**EXERCISE DATA:**

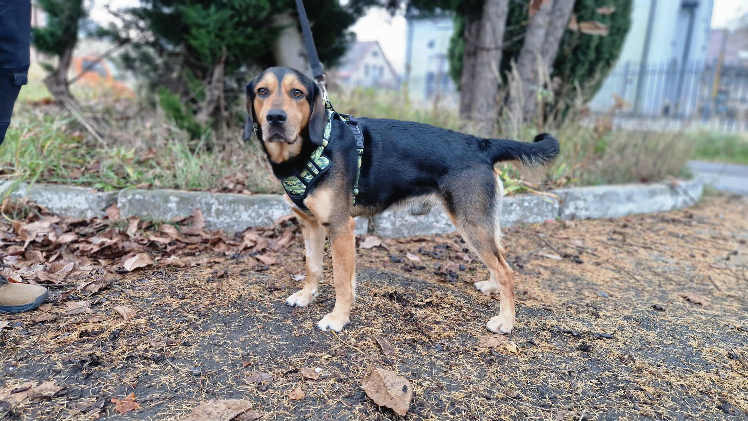 Fido to młodziutki piesek - ma około 1,5 roku. Dość spory, waży 25 kg. Płynie w nim domieszka krwi psa myśliwskiego rasy gończy polski, ale my absolutnie nie szukamy mu domu w tym kierunku...
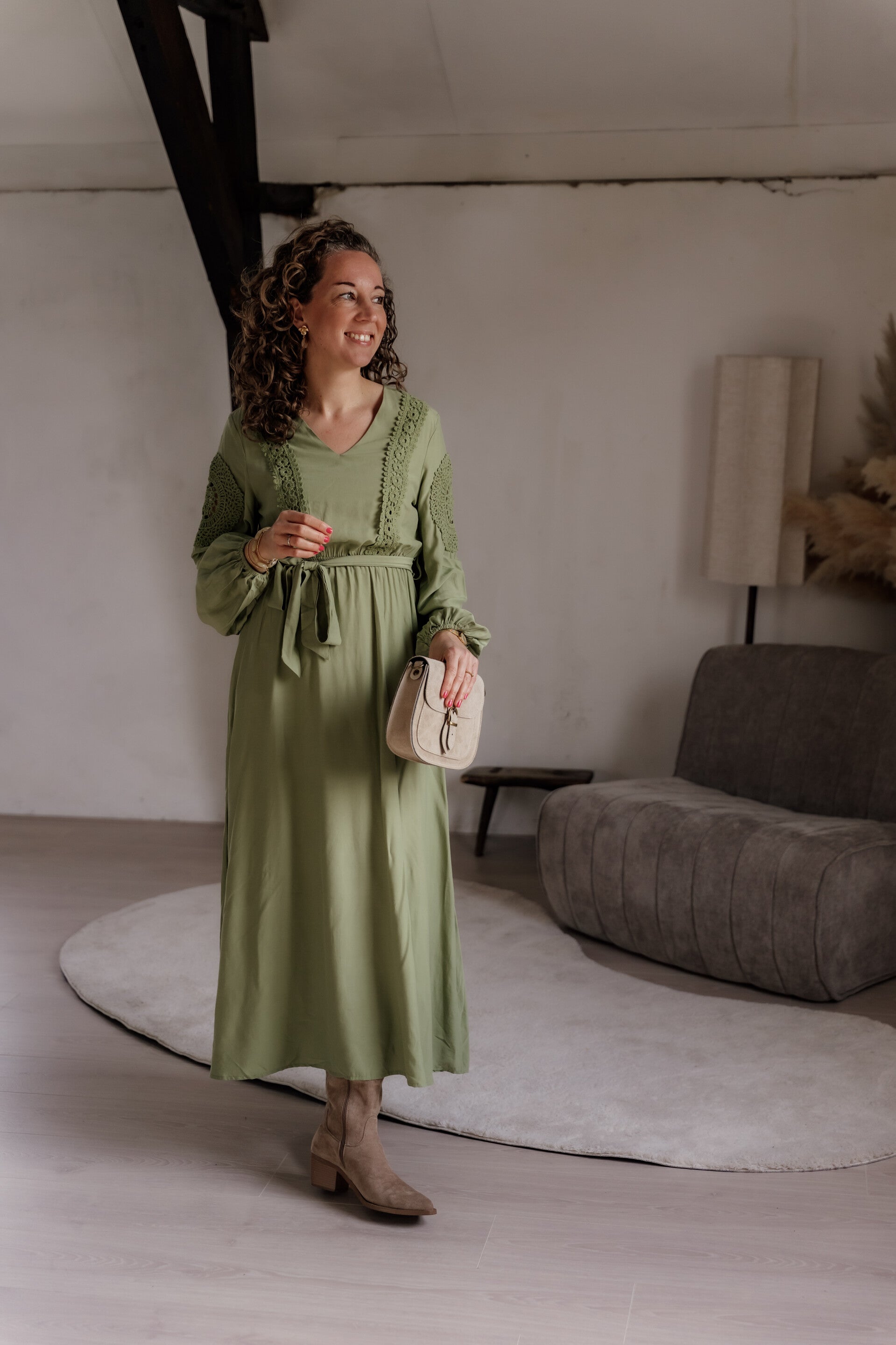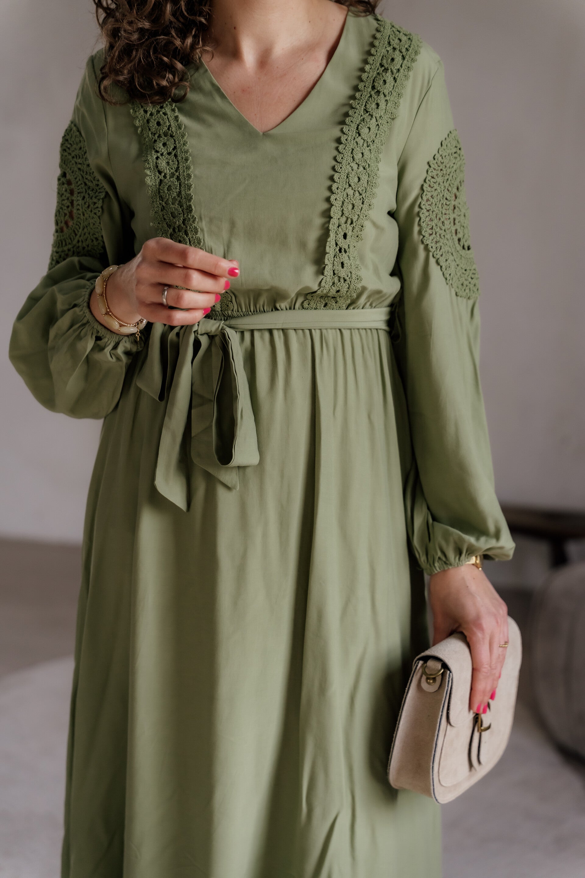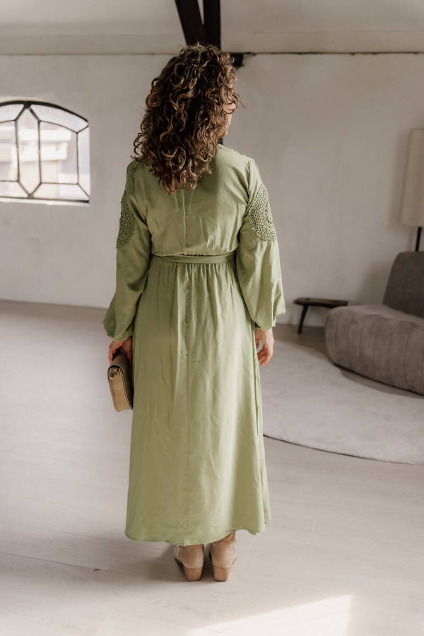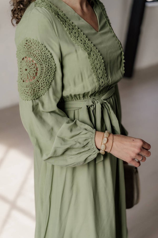Elegante midi jurk in een zachte groentint met een flatterende pasvorm. De V-hals, kanten accenten en elastische tailleband zorgen voor een vrouwelijke en verfijnde look. De lange mouwen met subtiele pof geven een moderne touch.
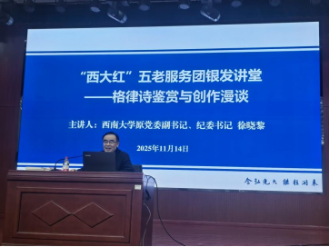 发布时间: 2025-11-18 16:11:51 已阅读:为提升员工的美育素养,使员工深入了解中华优秀传统文化历经千年传承的脉络,11月14日下午,由离退休党委 离退休工作处主办、伟德体育承办的“前辈的火炬”师生主题交流活动之“格律诗鉴赏与创造漫谈”讲座,在bevictor伟德教职工活动中心二楼报告厅举办。讲座由bevictor伟德原党委副书记、纪委书记徐晓黎主讲,公司2025级本科生与研究生共同参与,公司党委书记刘勇主持讲座。
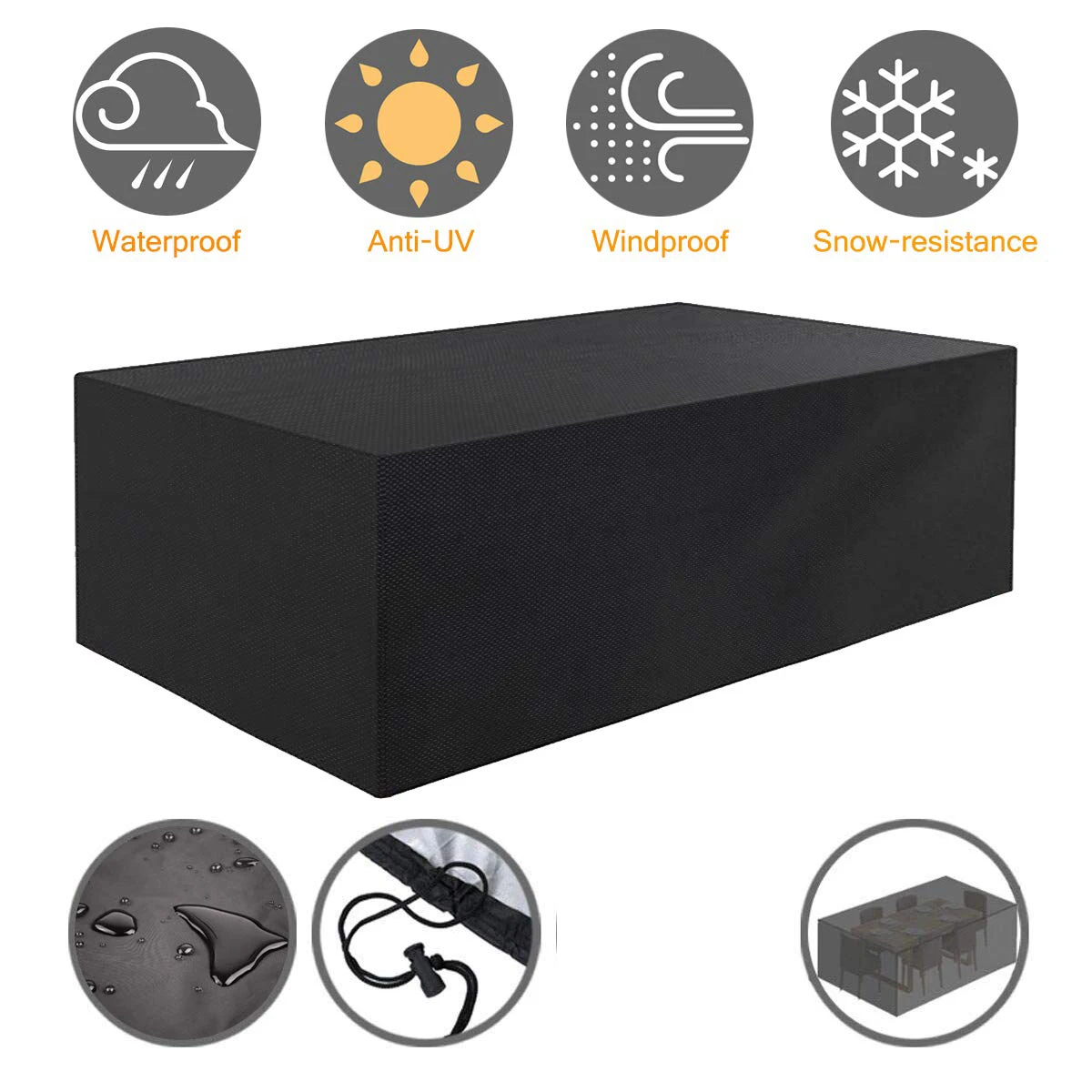 1. Чехлы для мебели в патио достаточно большие, чтобы покрыть все виды наружной мебели для патио, стола, скамейки, журнального столика, стульев или другой прямоугольной мебели. Проверьте размеры мебели для правильной посадки.2. Изготовлен из нейлоновой ткани Оксфорд высокой плотности 210D, которая устойчива к атмосферным воздействиям и пыли, эффективно предотвращает промокание мебели из-за дождя и снега.3. На кромке мебельной крышки есть веревка на шнурке. Даже в суровых условиях Ваша мебель может быть безопасной, чистой и сухой.4. Изготовлен из удивительного гидрофобного материала и двойных связанных краев обеспечивает полную защиту крышки от растрескивания. Внутренний слой имеет УФ-покрытие, обеспечивает исключительную защиту под солнечным светом.5. С удобными мешки для хранения, патио мебель крышка легко складывать, хранить и носить, не занимают места.Примечание: Если ветер очень сильный (например, ураган), мы предлагаем вам разместить некоторые тяжелые предметы на крышке наружного стола, чтобы лучше предотвратить удар покрытия.
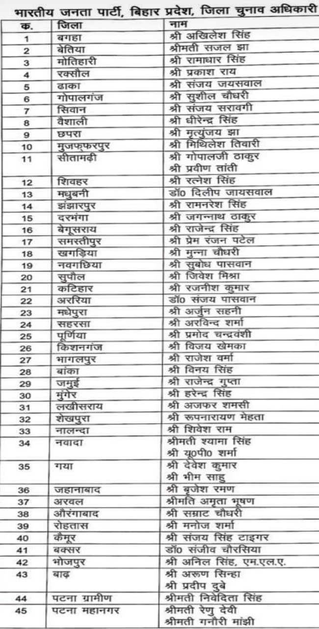 पार्टी सूत्रों से मिल रही जानकारी के अनुसार, बिहार भाजपा की ओर से संगठन चुनाव के लिए नियुक्त किए गए चुनाव अधिकारी सुरेश रूंगटा एवं सह चुनाव अधिकारी अनिल शर्मा ने जिला चुनाव अधिकारियों के नामों की घोषणा की है। इसकी सूची पार्टी के पदाधिकारियों व कार्यकर्ताओं के बीच जारी कर दी गई है।
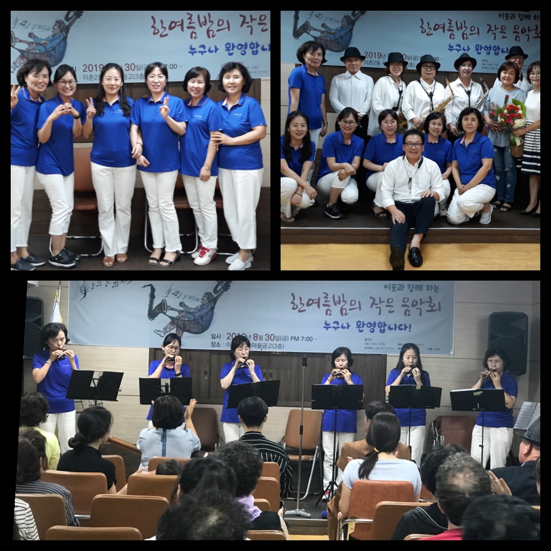 -서울사랑오카리나가 용산구소재 이촌2동새마을금고 강당에서 우리동네 작은 음악회에 참석하여 동네주민과 함게 흥겹고 즐거운 힐린의 시간봉사하였음 연주곡 : 아름다운 베르네, 최진사땍세째딸, 아빠의청춘, 홀로아리랑 앵콜곡 : 야래향 |
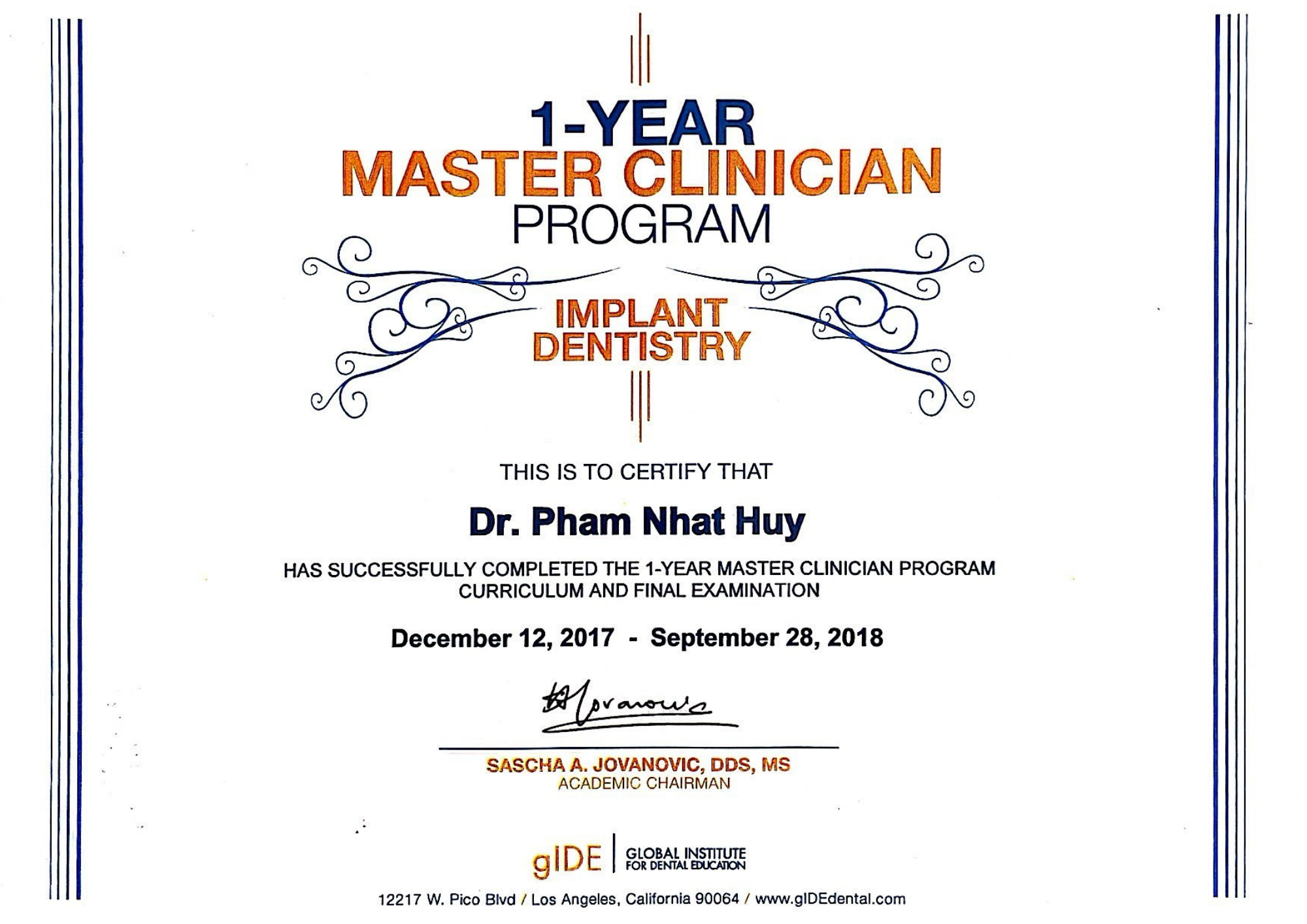 | Master Clinician in Implant Dentistry: Global Institute for Dental Education (gIDE), USA – 2018 |

**ACTION ITEM:**
Set down the entries word for word, omitting all pictures.

**ANSWER BOX:**
 Fido to młodziutki piesek - ma około 1,5 roku. Dość spory, waży 25 kg. Płynie w nim domieszka krwi psa myśliwskiego rasy gończy polski, ale my absolutnie nie szukamy mu domu w tym kierunku...
Elegante midi jurk in een zachte groentint met een flatterende pasvorm. De V-hals, kanten accenten en elastische tailleband zorgen voor een vrouwelijke en verfijnde look. De lange mouwen met subtiele pof geven een moderne touch.
 发布时间: 2025-11-18 16:11:51 已阅读:为提升员工的美育素养,使员工深入了解中华优秀传统文化历经千年传承的脉络,11月14日下午,由离退休党委 离退休工作处主办、伟德体育承办的“前辈的火炬”师生主题交流活动之“格律诗鉴赏与创造漫谈”讲座,在bevictor伟德教职工活动中心二楼报告厅举办。讲座由bevictor伟德原党委副书记、纪委书记徐晓黎主讲,公司2025级本科生与研究生共同参与,公司党委书记刘勇主持讲座。
 1. Чехлы для мебели в патио достаточно большие, чтобы покрыть все виды наружной мебели для патио, стола, скамейки, журнального столика, стульев или другой прямоугольной мебели. Проверьте размеры мебели для правильной посадки.2. Изготовлен из нейлоновой ткани Оксфорд высокой плотности 210D, которая устойчива к атмосферным воздействиям и пыли, эффективно предотвращает промокание мебели из-за дождя и снега.3. На кромке мебельной крышки есть веревка на шнурке. Даже в суровых условиях Ваша мебель может быть безопасной, чистой и сухой.4. Изготовлен из удивительного гидрофобного материала и двойных связанных краев обеспечивает полную защиту крышки от растрескивания. Внутренний слой имеет УФ-покрытие, обеспечивает исключительную защиту под солнечным светом.5. С удобными мешки для хранения, патио мебель крышка легко складывать, хранить и носить, не занимают места.Примечание: Если ветер очень сильный (например, ураган), мы предлагаем вам разместить некоторые тяжелые предметы на крышке наружного стола, чтобы лучше предотвратить удар покрытия.
 पार्टी सूत्रों से मिल रही जानकारी के अनुसार, बिहार भाजपा की ओर से संगठन चुनाव के लिए नियुक्त किए गए चुनाव अधिकारी सुरेश रूंगटा एवं सह चुनाव अधिकारी अनिल शर्मा ने जिला चुनाव अधिकारियों के नामों की घोषणा की है। इसकी सूची पार्टी के पदाधिकारियों व कार्यकर्ताओं के बीच जारी कर दी गई है।
 -서울사랑오카리나가 용산구소재 이촌2동새마을금고 강당에서 우리동네 작은 음악회에 참석하여 동네주민과 함게 흥겹고 즐거운 힐린의 시간봉사하였음 연주곡 : 아름다운 베르네, 최진사땍세째딸, 아빠의청춘, 홀로아리랑 앵콜곡 : 야래향 |
 | Master Clinician in Implant Dentistry: Global Institute for Dental Education (gIDE), USA – 2018 |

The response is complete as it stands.